▶ PROBLEM TO WORK ON: Your answer must be only the lines below from the one containing "à pied, nous" through the one containing "Zwischen holz- und", copied exactly, with the pictures left out.
*** DATASET EXCERPTS ***
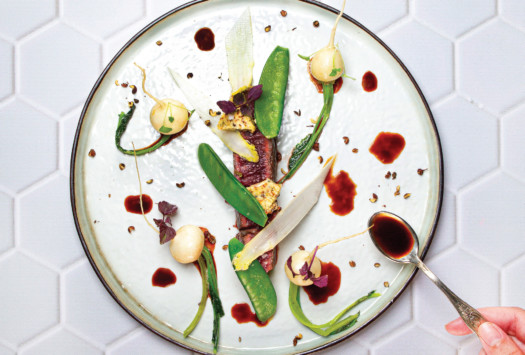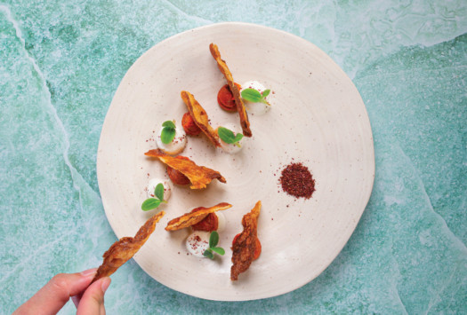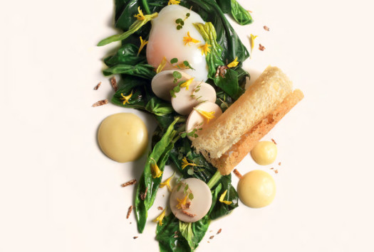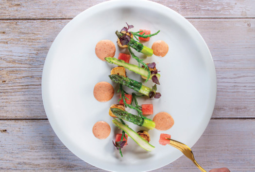 Crème brulée-style bamboo with green asparagus and goji berry béarnaise
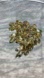 Elster) brooch set with light citrine-color navette unfoiled and open back rhinestones in the shape of a leaf/ branch with a curved stem of aurora borealis stones along the center. unsigned.
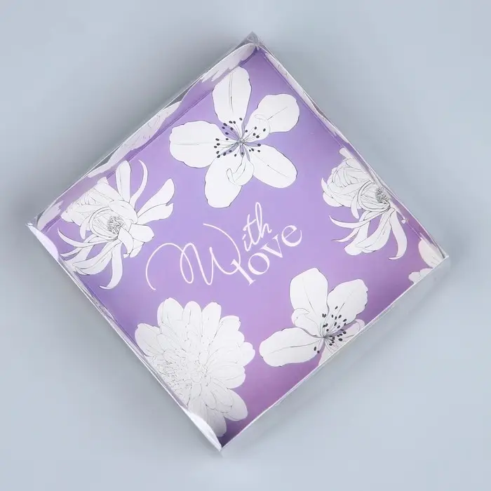 Коробка для печенья, кондитерская упаковка с пластиковой крышкой, With love, 10.5 х 10.5 х 3 см
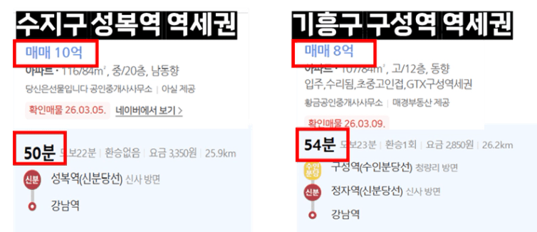 강남으로부터의 거리도, 출퇴근 시간도 비슷한 두 단지
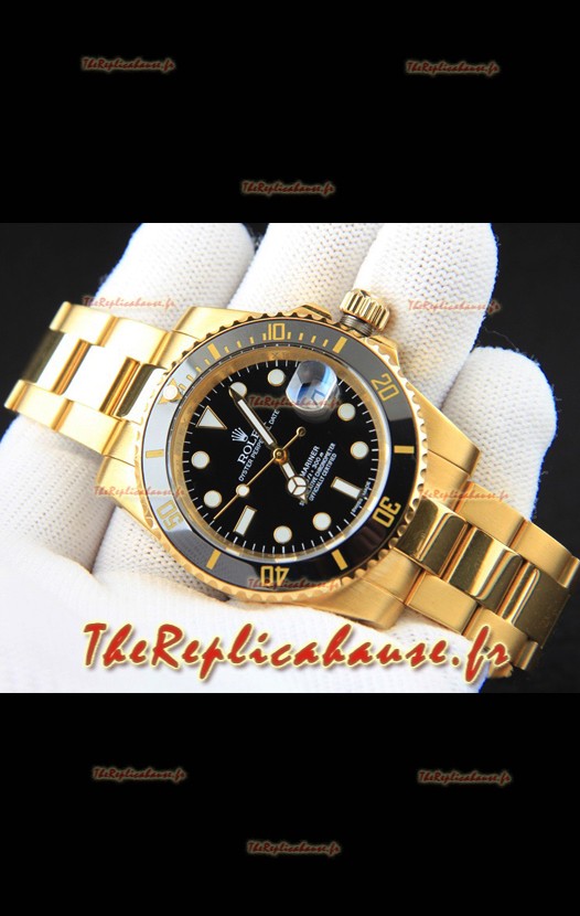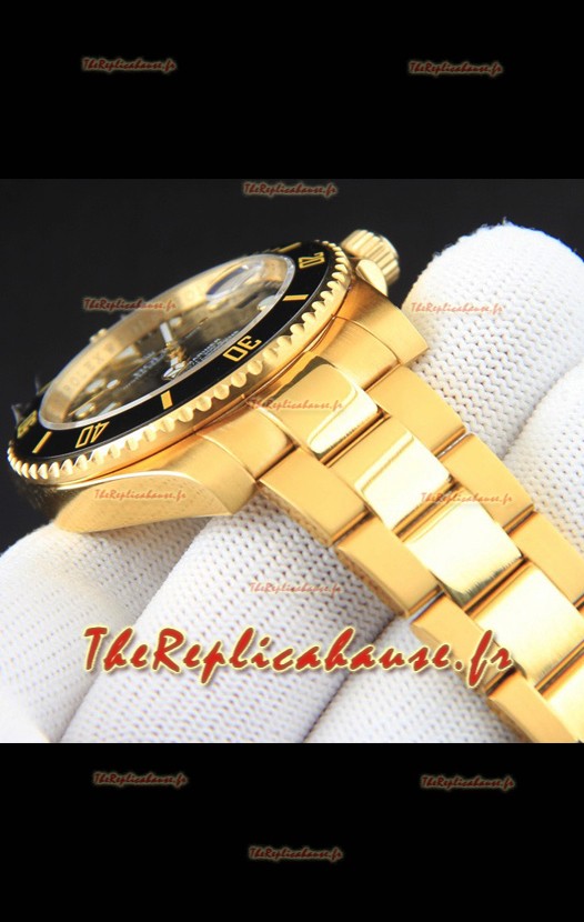 Réplique japonaise de la montre Rolex Submariner, boîtier en or jaune, cadran noir
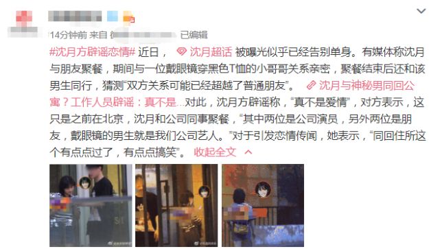 就此消息,有媒体询问了沈月方的工作人员,对方进行辟谣称“真不是爱情”,对方表示,这只是之前在北京,沈月和公司同事聚餐,“其中两位是公司演员,另外两位是朋友,戴眼镜的男生就是我们公司艺人。”此外沈月表示“同回住所这个有点点过了,有点点搞笑”。
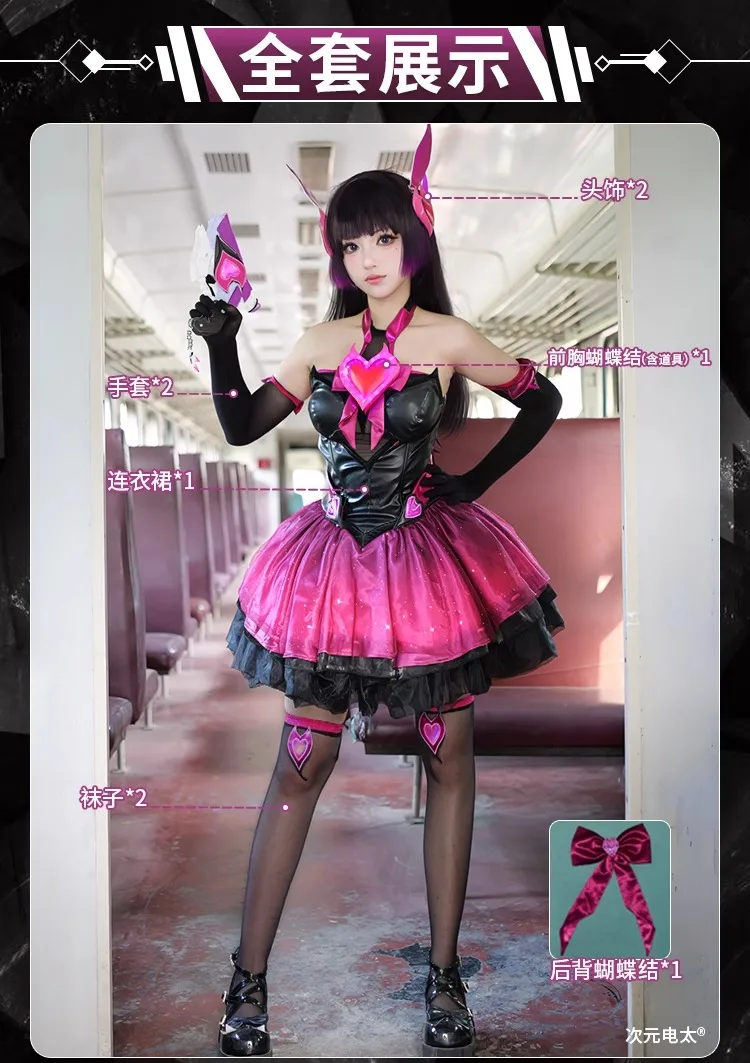 Game Overwatch DVA Cosplay Costume Women Sexy Gorgeous Princess Dress Headwear Gloves Socks Set Halloween
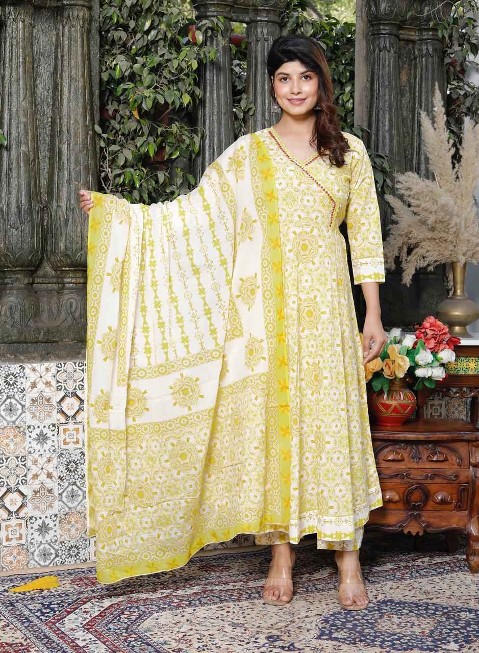 Cotton Printed Anarkali Kurti pant With 2.5 Meter dupatta – 1453VC1840058
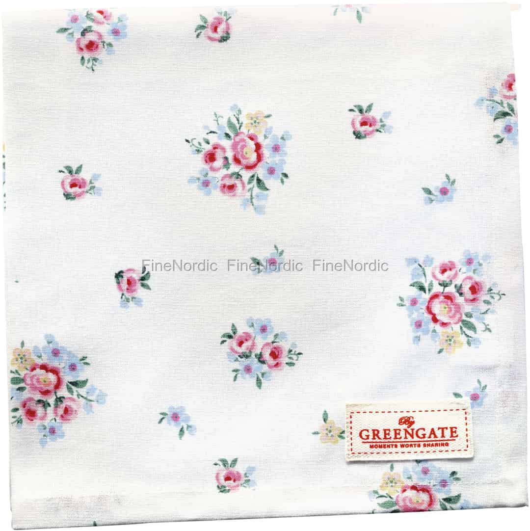 Die Nicoline White Tischdecke von GreenGate ist mit pastellfarbenen Blumensträußen geschmückt. Die quadratische Tischdecke ist 1 x 1 m groß und ist aus hochwertiger Baumwolle gemacht. Sie hübscht jeden Tisch auf, egal ob dieser in der Küche, im Esszimmer oder aber im Wohnzimmer steht. Legen Sie noch die Nicoline White Servietten und das passende Geschirr hinzu und genießen Sie Ihren schön gedeckten Tisch. Die Tischdecke ist auch in einer größeren Größe erhältlich.
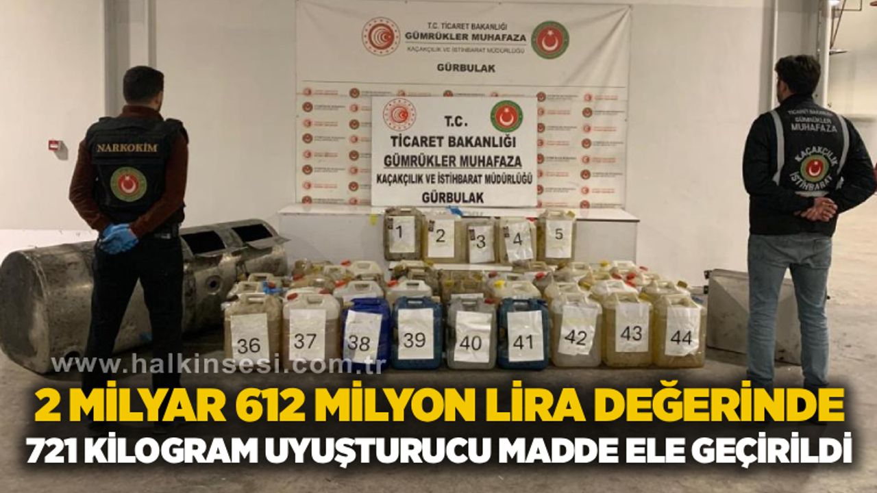 "2 milyar 612 milyon Türk Lirası değerinde, 721 kilogram sıvı metamfetamin cinsi uyuşturucu madde ele geçirildi"
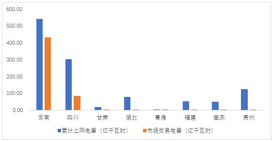 上半年,大型發(fā)電集團水電機組累計上網(wǎng)電量2339億千瓦時,占其總上網(wǎng)電量的16.3%;市場交易電量527億千瓦時,其中跨區(qū)跨省交易電量為243.億千瓦時。上半年大型發(fā)電集團水電上網(wǎng)電量市場化率達到22.5%。
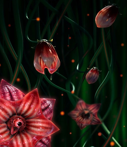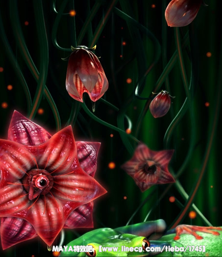 最后我把分层渲染出来的图片掉入photoshopcs里,进行最后的润色调整,把深处的一些藤做了一些模糊来做出景深的效果。最后发现主体物有点过硬,原来是没有景深的原因,接着我又回到3dsmax里渲染了一张zdepth,再导photoshopcs里把zdepth加到图片里做最终的调整。
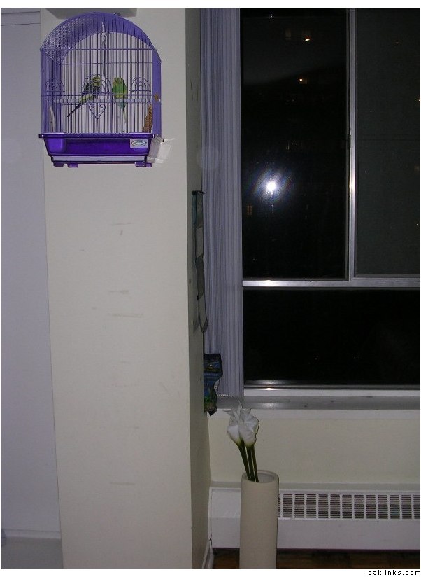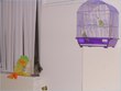 hahahahaha .. ok wat happened was when I was back home.. our parakeet’s cage was on a kitchen’s floor. And I was standin by the cage holdin tootsie. She was tryin to get away so I let her go and she sat on a top of the cage
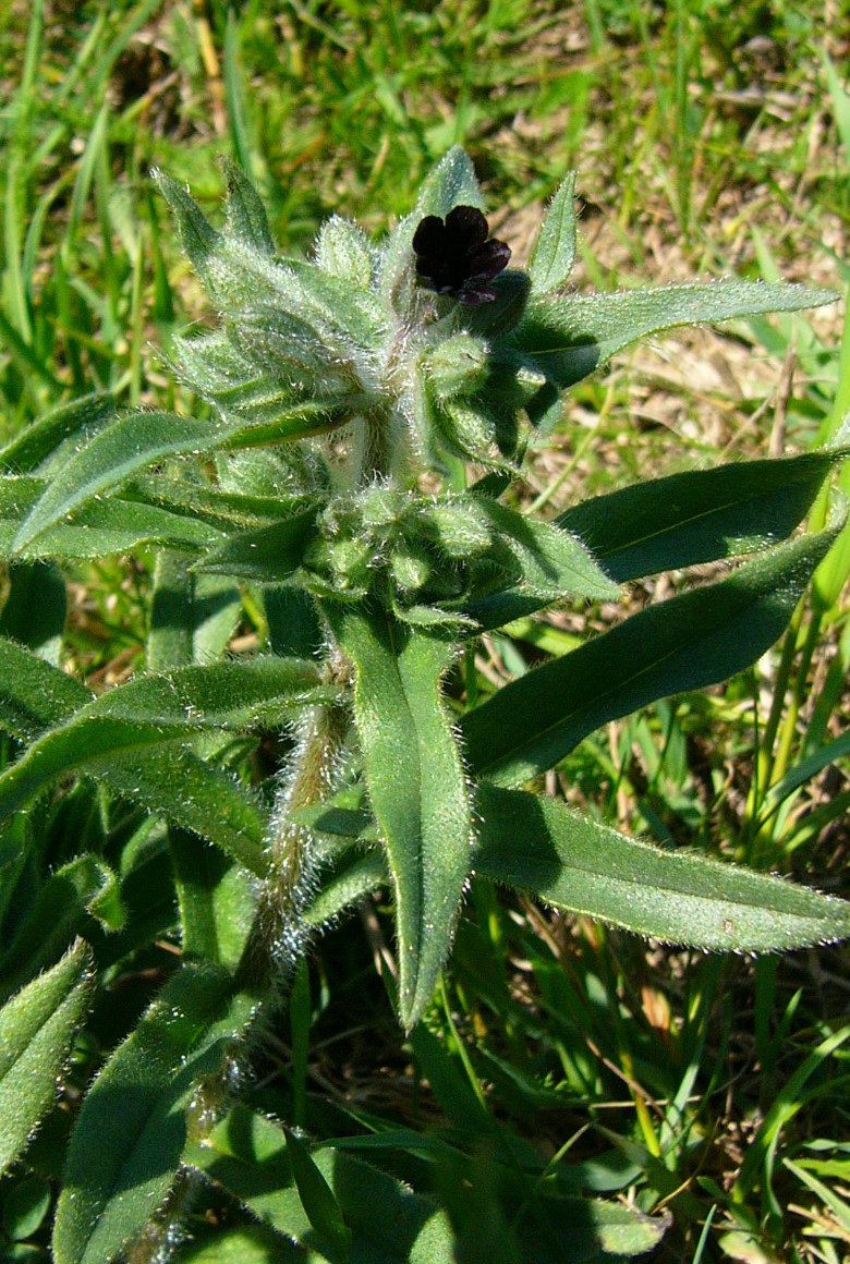 Kronzipfeln Blätter eilanzettlich, 1 - 2 cm breit, ganzrandig > Nonea (Mönchskraut)
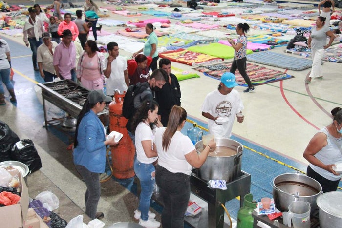 Alimentos no perecederos y productos de aseo personal son algunas de las ayudas que se están recibiendo en el coliseo principal de San Carlos, Oriente antioqueño, donde están albergadas la mayoría de las 600 familias damnificadas por las inundaciones tras un fuerte aguacero.
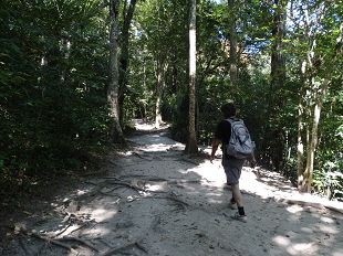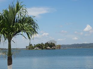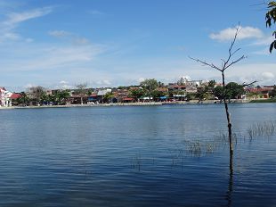 à pied, nous allons à Flores, une presqu'île entourée du lac Peten
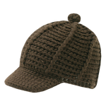 The Reggae Cap, Knit Beanie Hat (Decky 624) is a hand-knit, acrylic beanie featuring a short pre-curved visor and a crown knot.
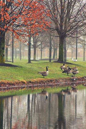 Keywords: reflection by the water geese water lake nature landscape park autumn pond calm outdoors season tree green bird colorful natural fog animal feather wild wildlife wing birdlife
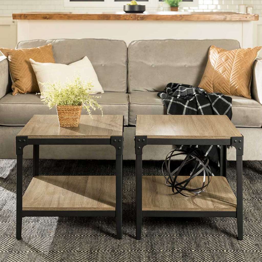 (zweiteilig) - Beistelltisch 51 cm Breit, 48 cm Hoch, 51 cm Tief - Wohnzimmer Tisch in Treibholz Optik und Schwarz - Mit Korpuskanten mit Metall Umrandung - Foliert - Mit quadratischer Tischplatte - Mit einer zusätzlichen Ablagefläche unterhalb der Tischplatte - Dreisatztisch im Industry und Loft Stil - Tisch aus Metall und MDF - Mit Vierfußgestell - Zerlegt, zum leichten Selbstaufbau (Montageanleitung liegt bei) - ZweiteiligInformationen zur Lieferung:Der Versand dieses Artikels erfolgt per DHL Paketdienst (Deutsche Post). Sollten Sie bei der Erstzustellung nicht angetroffen werden, hinterläßt der Zusteller in Ihrem Briefkasten eine Benachrichtigungskarte. Sie können die Ware dann in Ihrer Postfiliale vor Ort abholen. Die Auslieferung erfolgt von Montags bis Samstags. Eine Zustellung an Sonn- und Feiertagen ist nicht möglich.
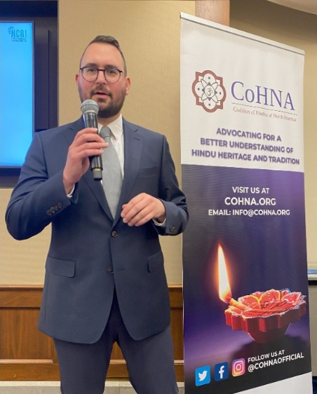 ਐਰੋਨ ਗ੍ਰਾਸ, ਨੈੱਟਵਰਕ ਕੰਟੈਜਿਅਨ ਰਿਸਰਚ ਇੰਸਟੀਚਿਊਟ (NCRI) ਦੇ ਰਿਸਰਚ ਫੈਲੋ, ਨੇ CoHNA ਦੇ ਤੀਜੇ ਹਿੰਦੂ ਐਡਵੋਕੇਸੀ ਦਿਵਸ ਵਿੱਚ ਹਿੱਸਾ ਲਿਆ। / @CoHNACanada
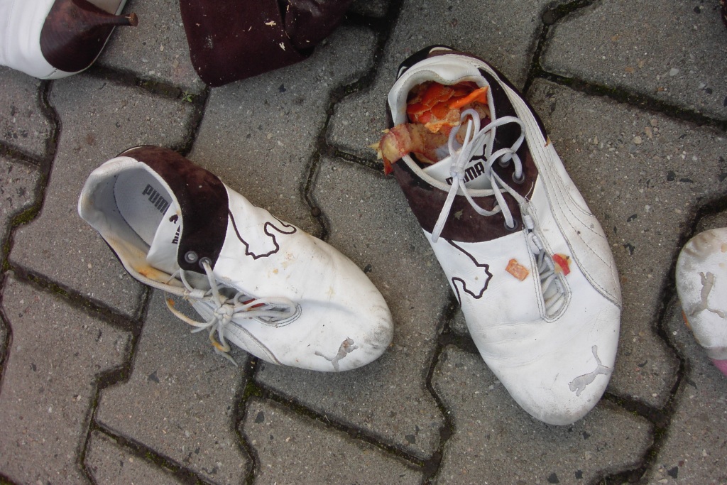 Zwischen holz- und Glassplittern ragten doch tatsächlich Fußballstollenschuhe, die schwarzen adidas-Hartplatzschuhe, Laufschuhe und irgendwo sicherlich auch das zermalmte Wildlederstiefelpaar!
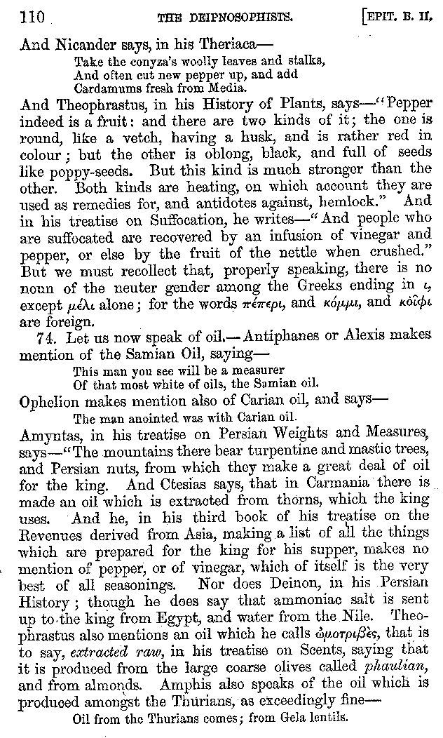Many such men then as these, he says, were present at Laurentius's supper; bringing books out of their bags, as their contribution to the picnic. And he says also that Charmus, having something ready for everything that was served up, as has been already said, appeared to the Massenians to be a most accomplished man; as also did Calliphanes, who was called the son of Parabrycon, who having copied out the beginnings of many poems and other writings, recollected three or four stanzas of each, aiming at a reputation for extensive learning. And many other men had in their mouths turbots caught in the Sicilian sea, and swimming eels, and the trail of the tunny-fish of Pachynum, and kids from Melos, and mullets from Symæthus. And, of dishes of less repute, there were cockles from Pelorum, anchovies from Lipara, turnips from Mantinea, rape from Thebes, and beet-root from the Ascræans. And Cleanthes the Tarentine, as Clearchus says, said everything while the drinking lasted, in metres. And so did Pamphilus the Sicilian, in this way:—
***
▶ ANSWER BOX:
 à pied, nous allons à Flores, une presqu'île entourée du lac Peten
 The Reggae Cap, Knit Beanie Hat (Decky 624) is a hand-knit, acrylic beanie featuring a short pre-curved visor and a crown knot.
 Keywords: reflection by the water geese water lake nature landscape park autumn pond calm outdoors season tree green bird colorful natural fog animal feather wild wildlife wing birdlife
 (zweiteilig) - Beistelltisch 51 cm Breit, 48 cm Hoch, 51 cm Tief - Wohnzimmer Tisch in Treibholz Optik und Schwarz - Mit Korpuskanten mit Metall Umrandung - Foliert - Mit quadratischer Tischplatte - Mit einer zusätzlichen Ablagefläche unterhalb der Tischplatte - Dreisatztisch im Industry und Loft Stil - Tisch aus Metall und MDF - Mit Vierfußgestell - Zerlegt, zum leichten Selbstaufbau (Montageanleitung liegt bei) - ZweiteiligInformationen zur Lieferung:Der Versand dieses Artikels erfolgt per DHL Paketdienst (Deutsche Post). Sollten Sie bei der Erstzustellung nicht angetroffen werden, hinterläßt der Zusteller in Ihrem Briefkasten eine Benachrichtigungskarte. Sie können die Ware dann in Ihrer Postfiliale vor Ort abholen. Die Auslieferung erfolgt von Montags bis Samstags. Eine Zustellung an Sonn- und Feiertagen ist nicht möglich.
 ਐਰੋਨ ਗ੍ਰਾਸ, ਨੈੱਟਵਰਕ ਕੰਟੈਜਿਅਨ ਰਿਸਰਚ ਇੰਸਟੀਚਿਊਟ (NCRI) ਦੇ ਰਿਸਰਚ ਫੈਲੋ, ਨੇ CoHNA ਦੇ ਤੀਜੇ ਹਿੰਦੂ ਐਡਵੋਕੇਸੀ ਦਿਵਸ ਵਿੱਚ ਹਿੱਸਾ ਲਿਆ। / @CoHNACanada
 Zwischen holz- und Glassplittern ragten doch tatsächlich Fußballstollenschuhe, die schwarzen adidas-Hartplatzschuhe, Laufschuhe und irgendwo sicherlich auch das zermalmte Wildlederstiefelpaar!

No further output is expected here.